----- RECORDED INFORMATION

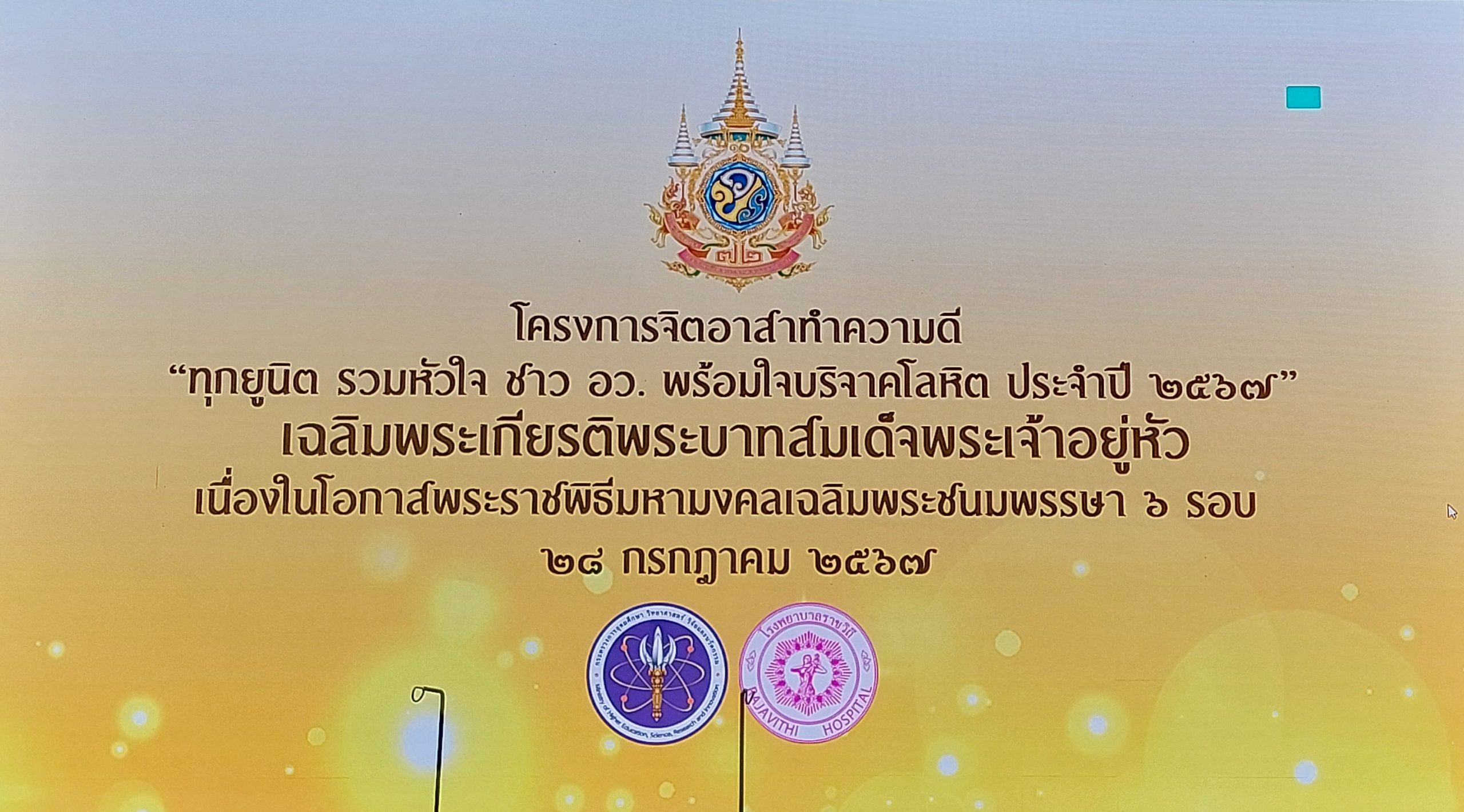 สำนักปลัดกระทรวงการอุดมศึกษา วิทยาศาสตร์ วิจัยและนวัตกรรม (อว.) จัดกิจกรรมโครงการจิตอาสาทำความดี “ทุกยูนิต รวมหัวใจ ชาว อว. พร้อมใจบริจาคโลหิต ครั้งที่ 3 ประจำปี 2567” โดยมีวัตถุประสงค์เพื่อให้บุคลากรในสังกัดกระทรวงการอุดมศึกษา วิทยาศาสตร์ วิจัยและนวัตกรรม ได้มีกิจกรรมร่วมกัน และเป็นการทำกิจกรรมจิตอาสา อันเป็นสาธารณประโยชน์ เนื่องในวันโอกาสพระราชพิธีมหามงคล เฉลิมพระเกียรติพระบาทสมเด็จพระเจ้าอยู่หัว เฉลิมพระชนมพรรษา 6 รอบ 28 กรกฎาคม 2567 ในการนี้ พนักงานของสถาบันมาตรวิทยาแห่งชาติ (มว.) ได้เข้าร่วมบริจาคโลหิตด้วย ณ ห้องแถลงข่าวชั้น 1 อาคารพระจอมเกล้า สำนักงานปลัดกระทรวงการอุดมศึกษา วิทยาศาสตร์ วิจัยและนวัตกรรม (โยธี) กรุงเทพฯ
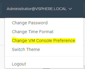 - Click this to display the drop down. Select 'Change VM Console Preference'
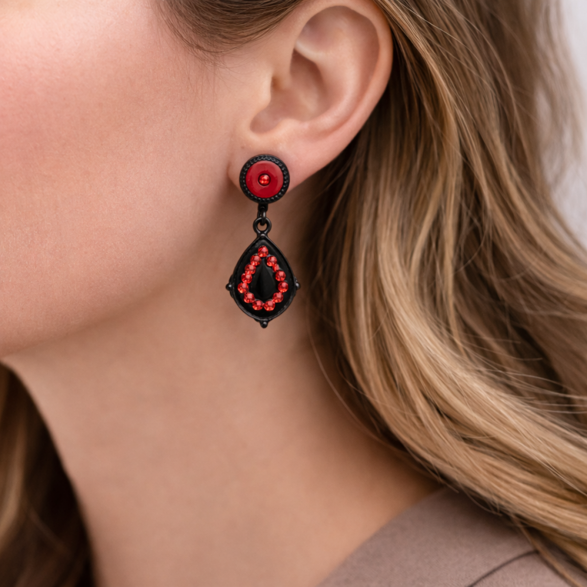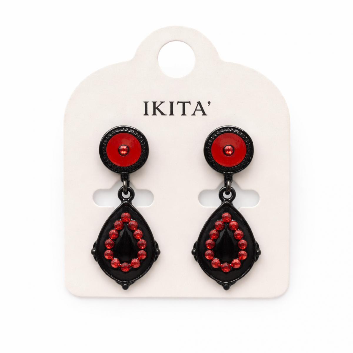 Apportez du caractère à votre style avec ces boucles d’oreilles Ikita au contraste intense noir et rouge. Leur design élégant associe une puce ronde à un élément pendante en forme de goutte, sublimé par de petits strass rouges lumineux. Un bijou à la fois chic et audacieux qui attire immédiatement le regard.

----------

◆ THE TASK ◆
Output nothing but the lines from the one containing "- Click this" to the end of the listing, both ends included, reproduced exactly. Pictures stay out.

◆ RESPONSE ◆
 - Click this to display the drop down. Select 'Change VM Console Preference'
 Apportez du caractère à votre style avec ces boucles d’oreilles Ikita au contraste intense noir et rouge. Leur design élégant associe une puce ronde à un élément pendante en forme de goutte, sublimé par de petits strass rouges lumineux. Un bijou à la fois chic et audacieux qui attire immédiatement le regard.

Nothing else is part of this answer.